_ASSIGNMENT:_ Below are records to be repeated exactly. Leave their pictures behind.

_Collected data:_
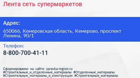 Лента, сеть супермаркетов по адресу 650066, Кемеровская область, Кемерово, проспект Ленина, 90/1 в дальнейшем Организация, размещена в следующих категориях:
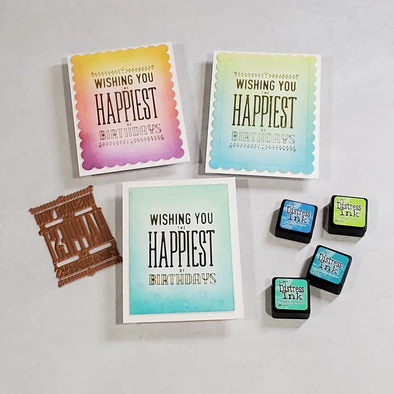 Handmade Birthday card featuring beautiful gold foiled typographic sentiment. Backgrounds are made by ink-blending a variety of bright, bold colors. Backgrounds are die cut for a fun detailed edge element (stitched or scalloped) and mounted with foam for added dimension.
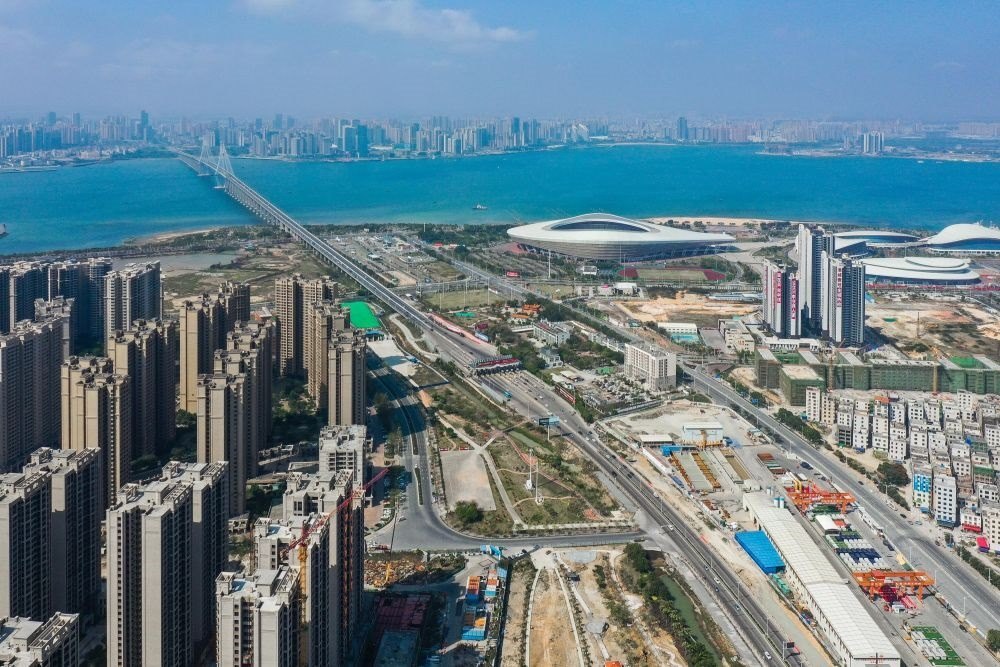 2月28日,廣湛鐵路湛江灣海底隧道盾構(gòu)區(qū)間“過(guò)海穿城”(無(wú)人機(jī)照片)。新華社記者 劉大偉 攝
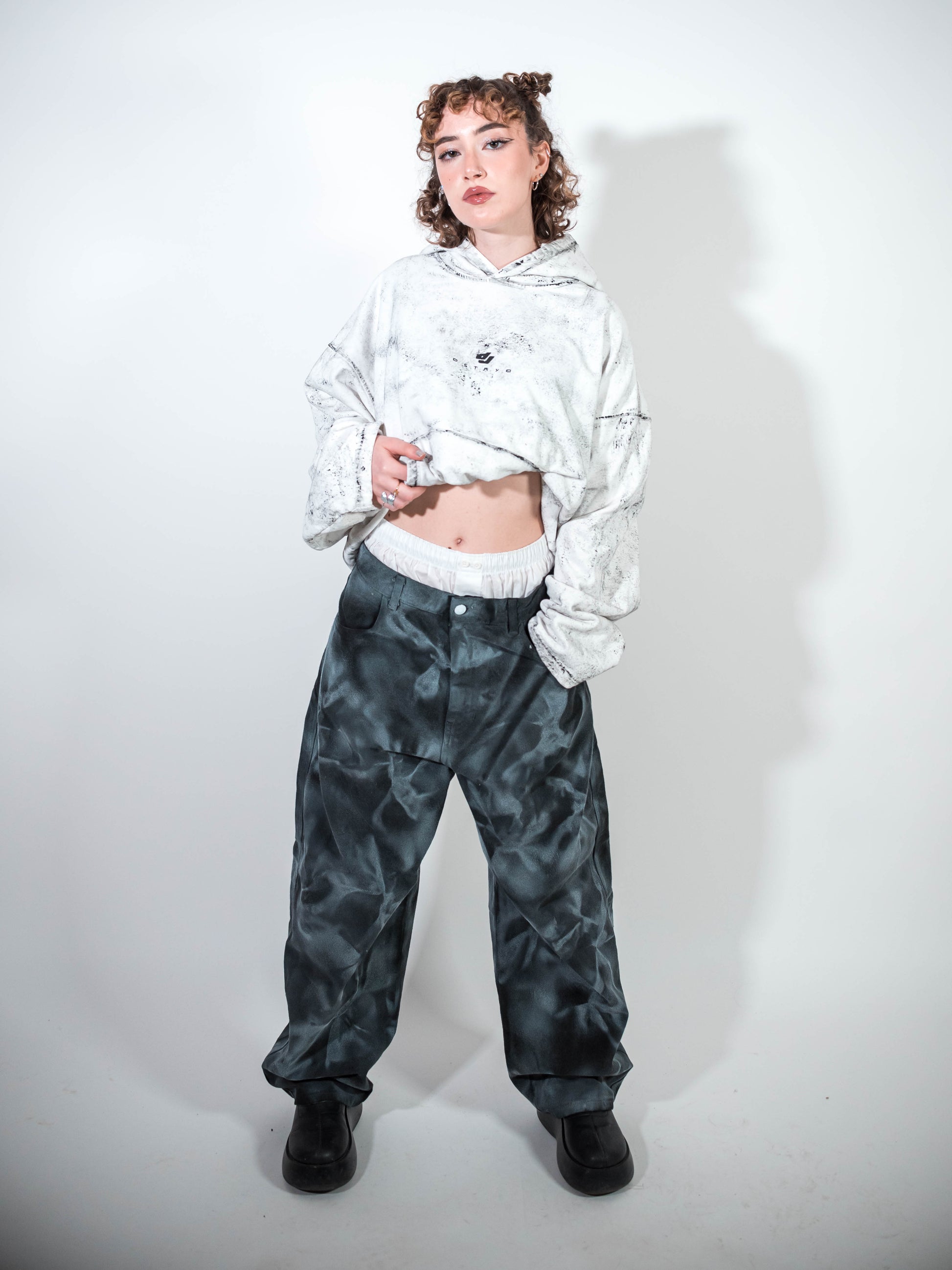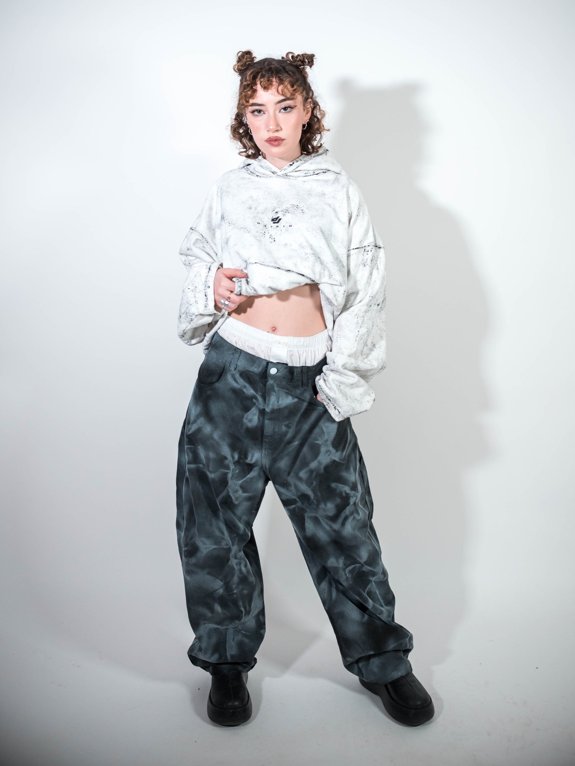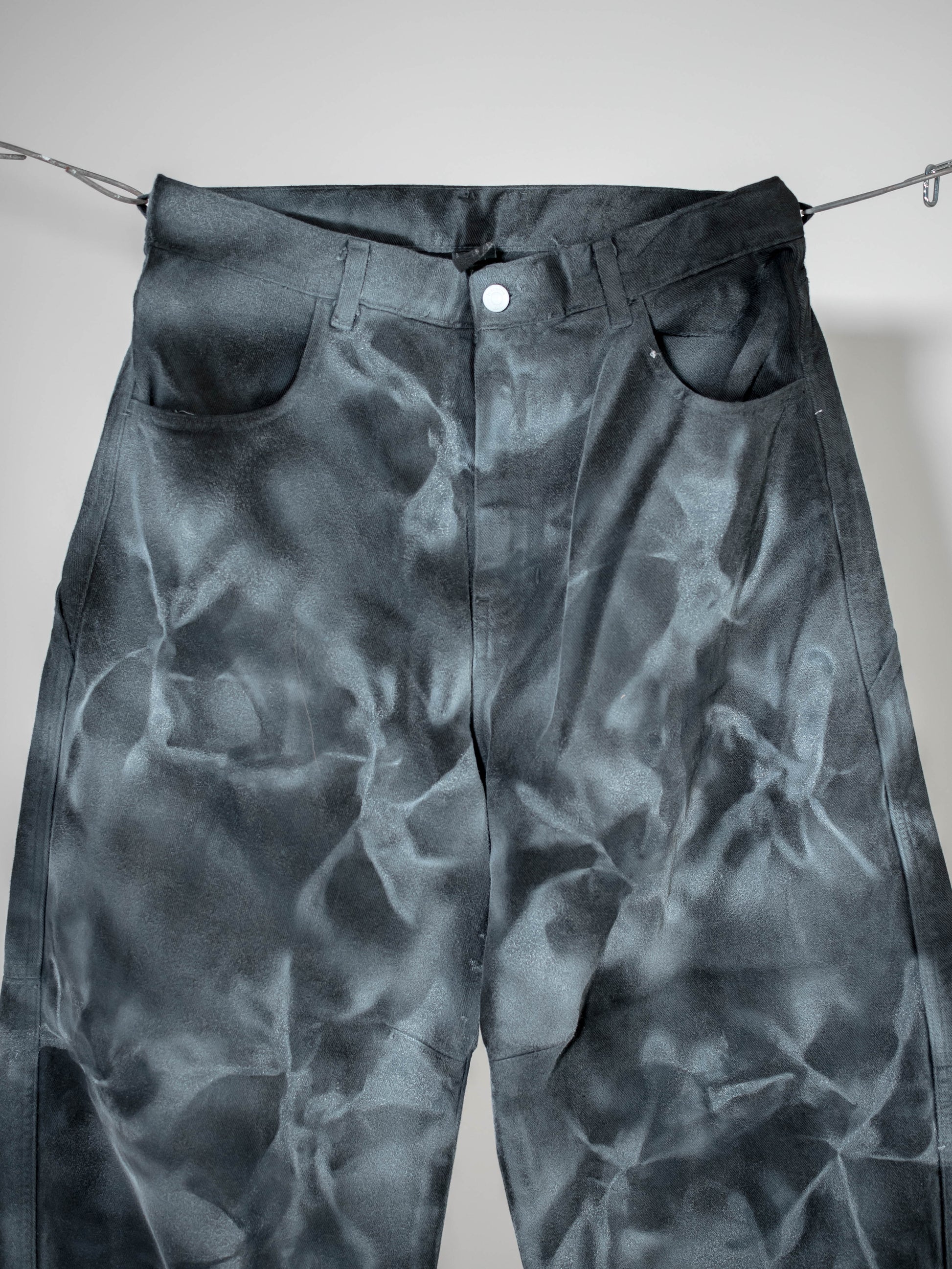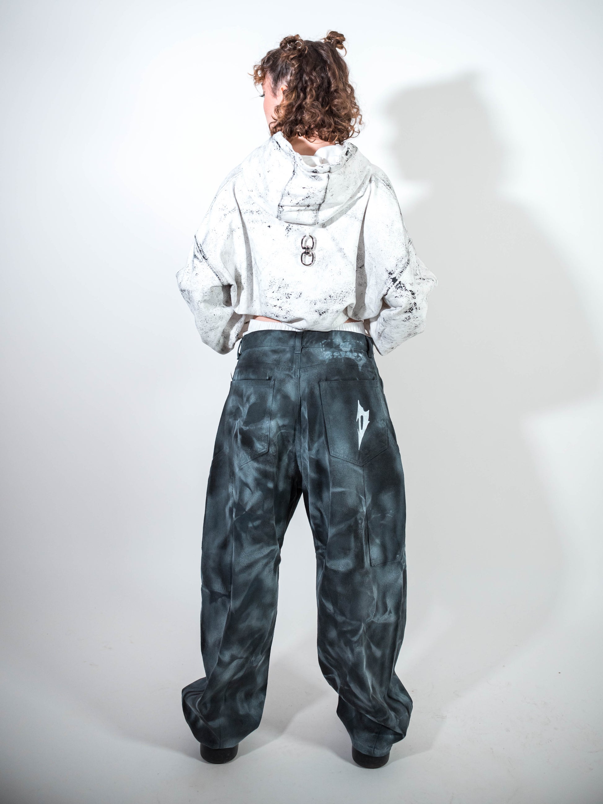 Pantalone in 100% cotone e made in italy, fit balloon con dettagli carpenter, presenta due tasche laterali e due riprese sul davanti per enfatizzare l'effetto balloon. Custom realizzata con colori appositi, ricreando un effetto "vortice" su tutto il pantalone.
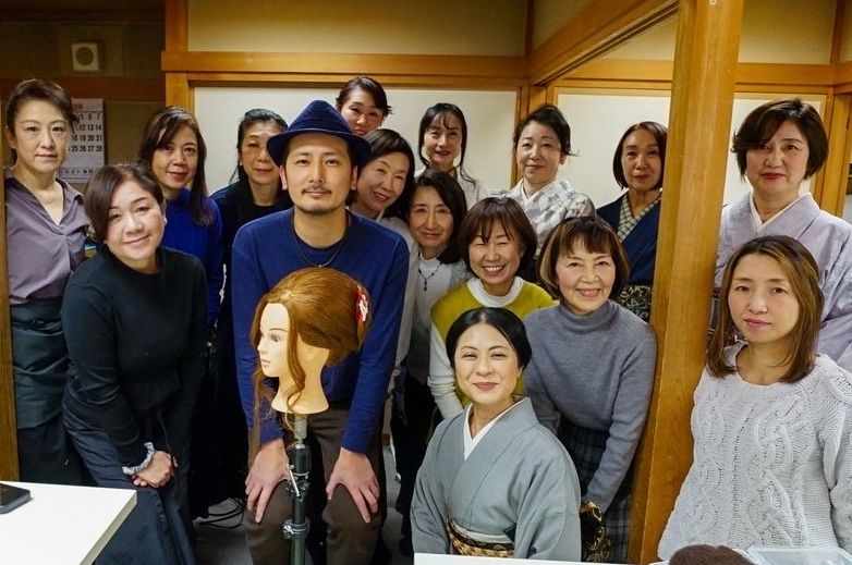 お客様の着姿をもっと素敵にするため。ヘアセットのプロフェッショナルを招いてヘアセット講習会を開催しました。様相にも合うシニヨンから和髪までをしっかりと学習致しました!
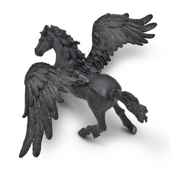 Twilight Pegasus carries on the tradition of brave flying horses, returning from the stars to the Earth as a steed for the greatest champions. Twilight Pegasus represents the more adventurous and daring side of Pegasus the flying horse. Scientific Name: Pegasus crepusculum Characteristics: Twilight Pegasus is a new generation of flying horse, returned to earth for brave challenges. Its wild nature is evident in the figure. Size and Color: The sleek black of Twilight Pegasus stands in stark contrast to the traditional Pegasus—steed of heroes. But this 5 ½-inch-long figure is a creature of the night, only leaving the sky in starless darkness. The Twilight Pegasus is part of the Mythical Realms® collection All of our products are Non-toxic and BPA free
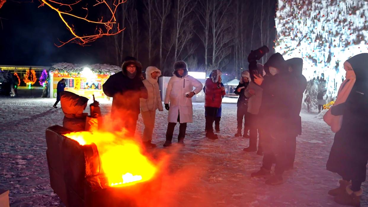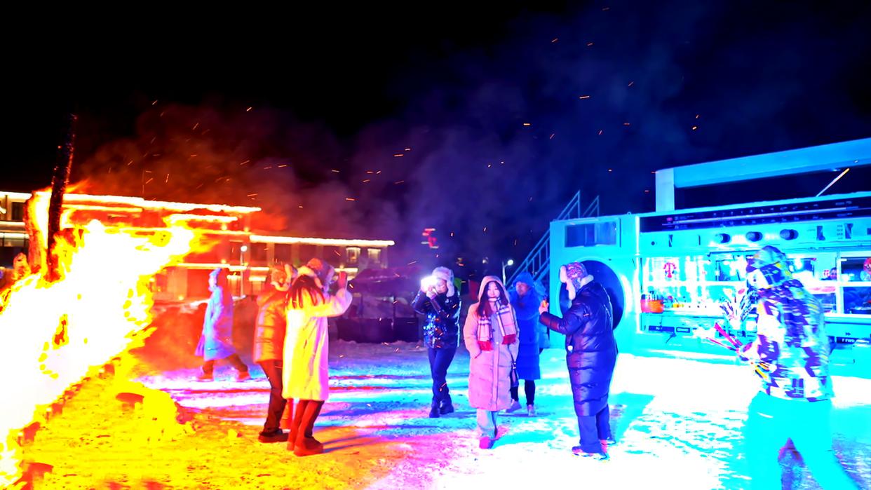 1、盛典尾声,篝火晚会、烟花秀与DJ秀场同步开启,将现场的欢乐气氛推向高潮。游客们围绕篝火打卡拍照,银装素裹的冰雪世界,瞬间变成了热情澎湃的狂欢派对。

_FINAL ANSWER:_
 Лента, сеть супермаркетов по адресу 650066, Кемеровская область, Кемерово, проспект Ленина, 90/1 в дальнейшем Организация, размещена в следующих категориях:
 Handmade Birthday card featuring beautiful gold foiled typographic sentiment. Backgrounds are made by ink-blending a variety of bright, bold colors. Backgrounds are die cut for a fun detailed edge element (stitched or scalloped) and mounted with foam for added dimension.
 2月28日,廣湛鐵路湛江灣海底隧道盾構(gòu)區(qū)間“過(guò)海穿城”(無(wú)人機(jī)照片)。新華社記者 劉大偉 攝
 Pantalone in 100% cotone e made in italy, fit balloon con dettagli carpenter, presenta due tasche laterali e due riprese sul davanti per enfatizzare l'effetto balloon. Custom realizzata con colori appositi, ricreando un effetto "vortice" su tutto il pantalone.
 お客様の着姿をもっと素敵にするため。ヘアセットのプロフェッショナルを招いてヘアセット講習会を開催しました。様相にも合うシニヨンから和髪までをしっかりと学習致しました!
 Twilight Pegasus carries on the tradition of brave flying horses, returning from the stars to the Earth as a steed for the greatest champions. Twilight Pegasus represents the more adventurous and daring side of Pegasus the flying horse. Scientific Name: Pegasus crepusculum Characteristics: Twilight Pegasus is a new generation of flying horse, returned to earth for brave challenges. Its wild nature is evident in the figure. Size and Color: The sleek black of Twilight Pegasus stands in stark contrast to the traditional Pegasus—steed of heroes. But this 5 ½-inch-long figure is a creature of the night, only leaving the sky in starless darkness. The Twilight Pegasus is part of the Mythical Realms® collection All of our products are Non-toxic and BPA free
 1、盛典尾声,篝火晚会、烟花秀与DJ秀场同步开启,将现场的欢乐气氛推向高潮。游客们围绕篝火打卡拍照,银装素裹的冰雪世界,瞬间变成了热情澎湃的狂欢派对。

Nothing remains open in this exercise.